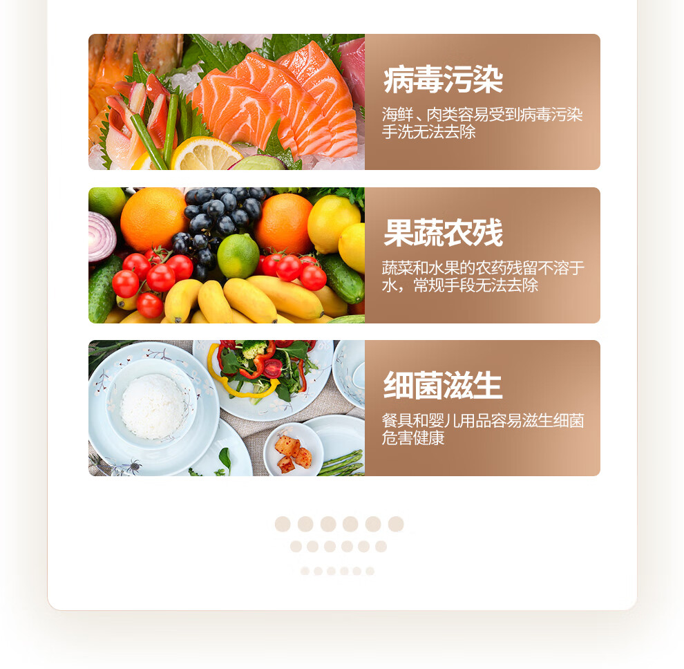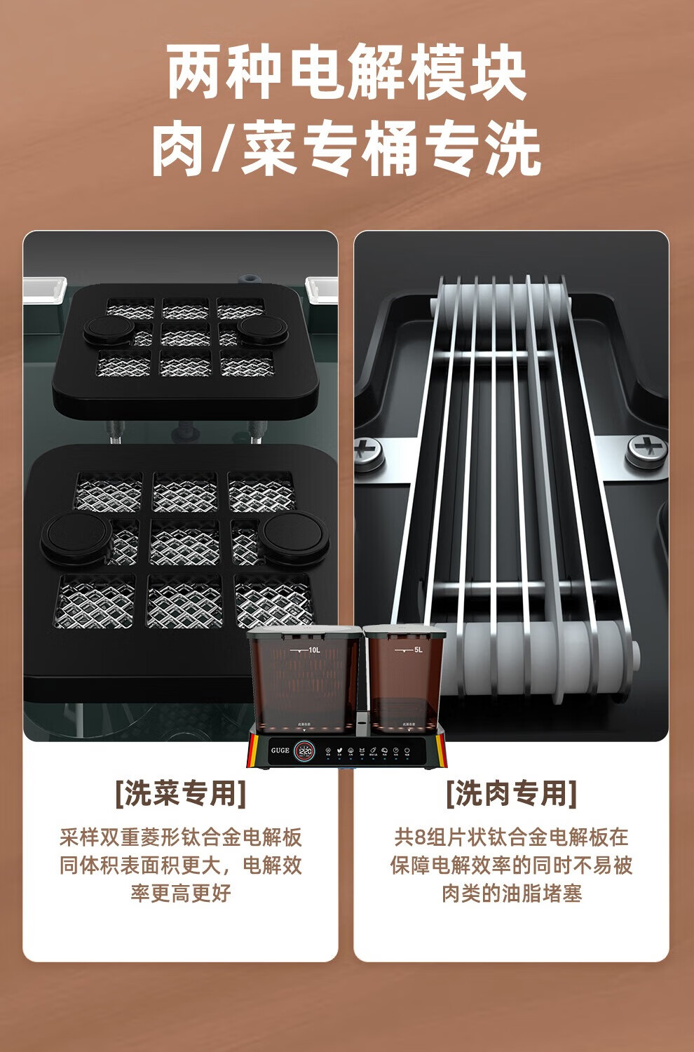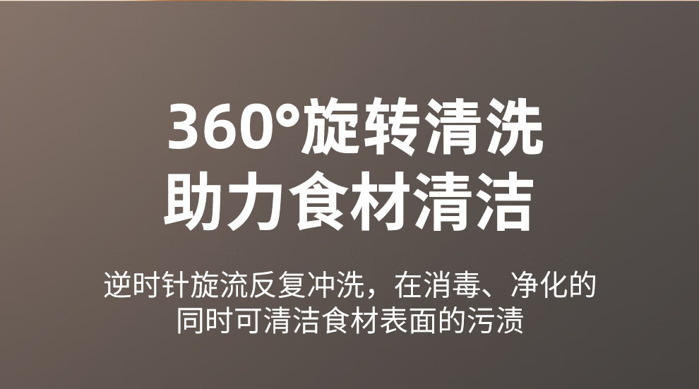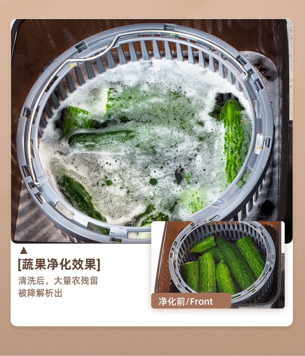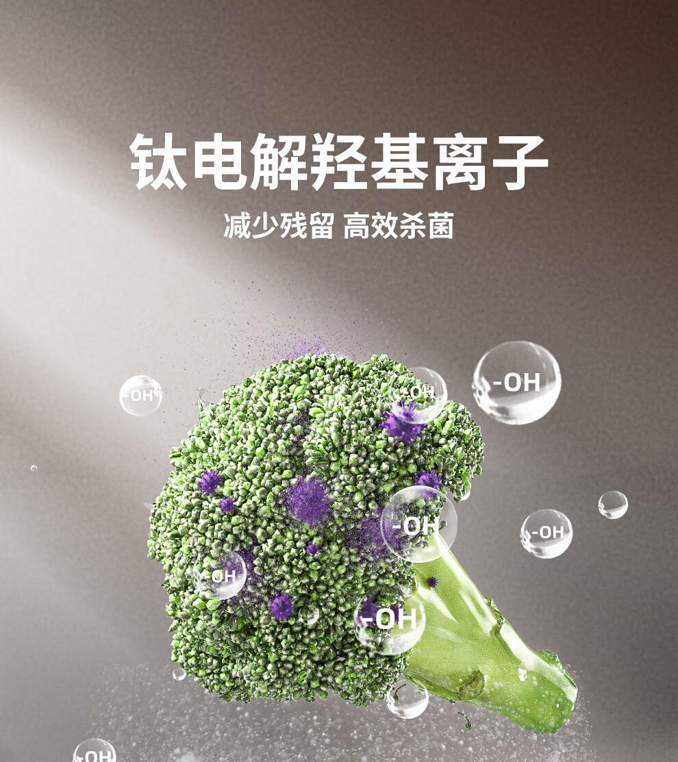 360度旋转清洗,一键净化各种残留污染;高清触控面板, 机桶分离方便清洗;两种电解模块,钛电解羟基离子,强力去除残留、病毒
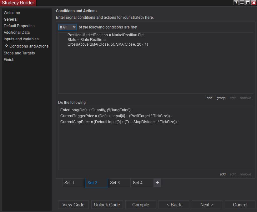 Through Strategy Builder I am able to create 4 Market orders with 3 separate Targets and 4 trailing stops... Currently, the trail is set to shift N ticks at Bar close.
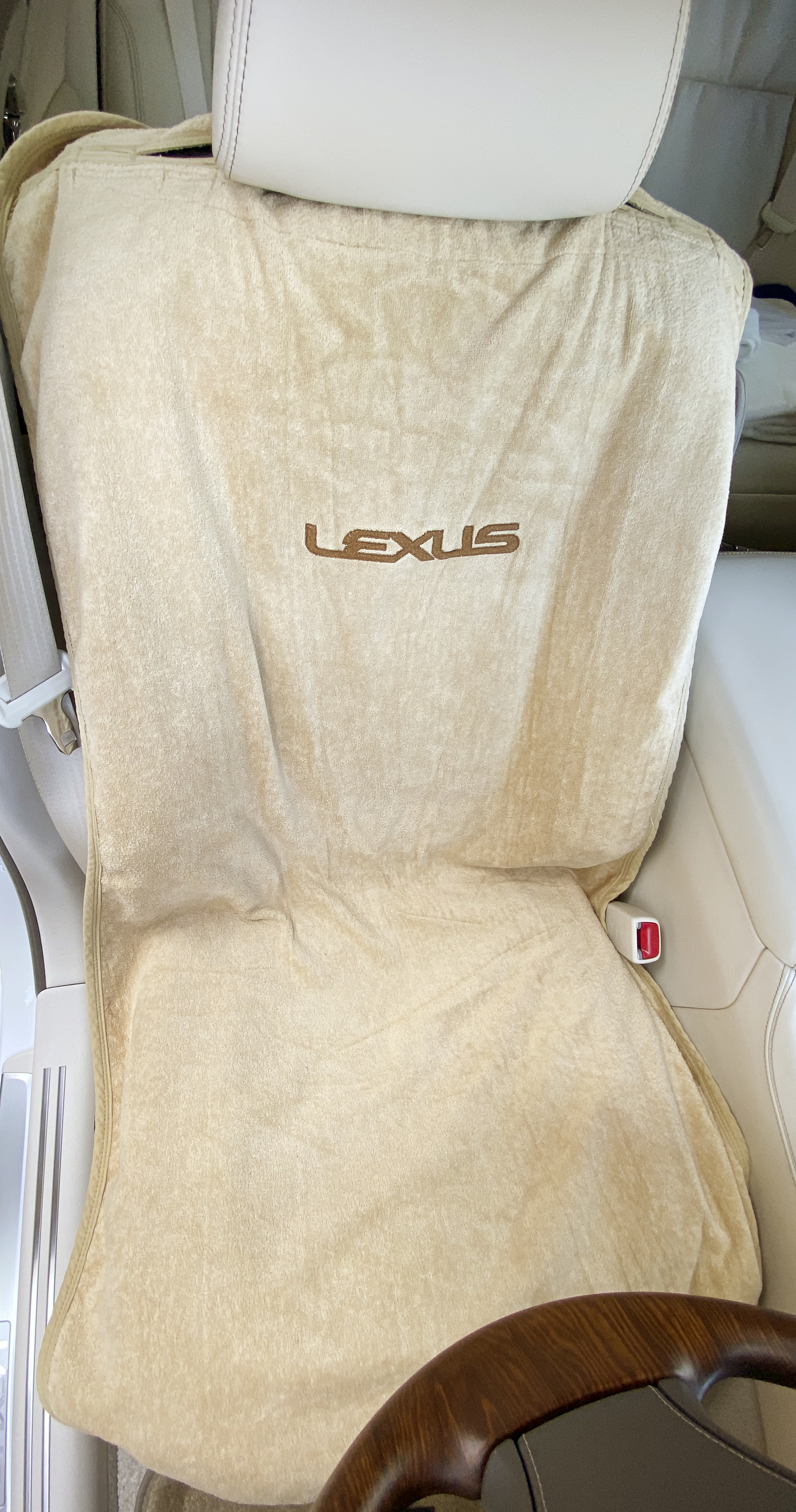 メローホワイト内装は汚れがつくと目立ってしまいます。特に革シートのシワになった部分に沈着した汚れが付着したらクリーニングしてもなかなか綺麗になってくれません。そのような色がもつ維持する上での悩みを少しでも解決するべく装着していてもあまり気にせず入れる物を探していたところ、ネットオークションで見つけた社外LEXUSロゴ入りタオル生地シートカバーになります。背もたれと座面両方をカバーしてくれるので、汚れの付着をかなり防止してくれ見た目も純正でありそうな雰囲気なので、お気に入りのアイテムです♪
* * *
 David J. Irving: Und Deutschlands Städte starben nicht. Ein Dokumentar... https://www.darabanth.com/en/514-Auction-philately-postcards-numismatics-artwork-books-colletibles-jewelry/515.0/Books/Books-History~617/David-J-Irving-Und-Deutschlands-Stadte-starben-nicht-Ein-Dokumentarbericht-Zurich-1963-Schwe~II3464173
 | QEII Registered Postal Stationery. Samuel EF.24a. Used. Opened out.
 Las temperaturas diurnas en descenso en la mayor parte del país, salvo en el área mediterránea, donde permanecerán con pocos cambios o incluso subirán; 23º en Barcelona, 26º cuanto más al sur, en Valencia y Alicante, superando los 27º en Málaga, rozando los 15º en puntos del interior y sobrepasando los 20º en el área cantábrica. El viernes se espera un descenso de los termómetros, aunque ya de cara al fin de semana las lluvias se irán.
* * *
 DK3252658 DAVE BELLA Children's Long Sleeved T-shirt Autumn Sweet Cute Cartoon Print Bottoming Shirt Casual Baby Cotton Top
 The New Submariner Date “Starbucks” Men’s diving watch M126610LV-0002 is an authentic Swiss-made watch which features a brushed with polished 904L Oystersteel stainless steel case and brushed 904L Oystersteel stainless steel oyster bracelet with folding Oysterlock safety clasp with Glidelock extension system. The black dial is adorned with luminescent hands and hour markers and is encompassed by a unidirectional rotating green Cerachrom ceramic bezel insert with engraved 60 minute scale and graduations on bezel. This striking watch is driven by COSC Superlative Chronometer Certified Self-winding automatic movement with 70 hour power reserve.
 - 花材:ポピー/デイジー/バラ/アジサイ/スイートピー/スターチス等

> [AIM OF THE TASK]
Go back to the listing above. Copy word for word the lines from the one with "Used. Opened out." through the one with "Las temperaturas diurnas", and nothing more.

> [RESULT OF THE EXERCISE]
 | QEII Registered Postal Stationery. Samuel EF.24a. Used. Opened out.
 Las temperaturas diurnas en descenso en la mayor parte del país, salvo en el área mediterránea, donde permanecerán con pocos cambios o incluso subirán; 23º en Barcelona, 26º cuanto más al sur, en Valencia y Alicante, superando los 27º en Málaga, rozando los 15º en puntos del interior y sobrepasando los 20º en el área cantábrica. El viernes se espera un descenso de los termómetros, aunque ya de cara al fin de semana las lluvias se irán.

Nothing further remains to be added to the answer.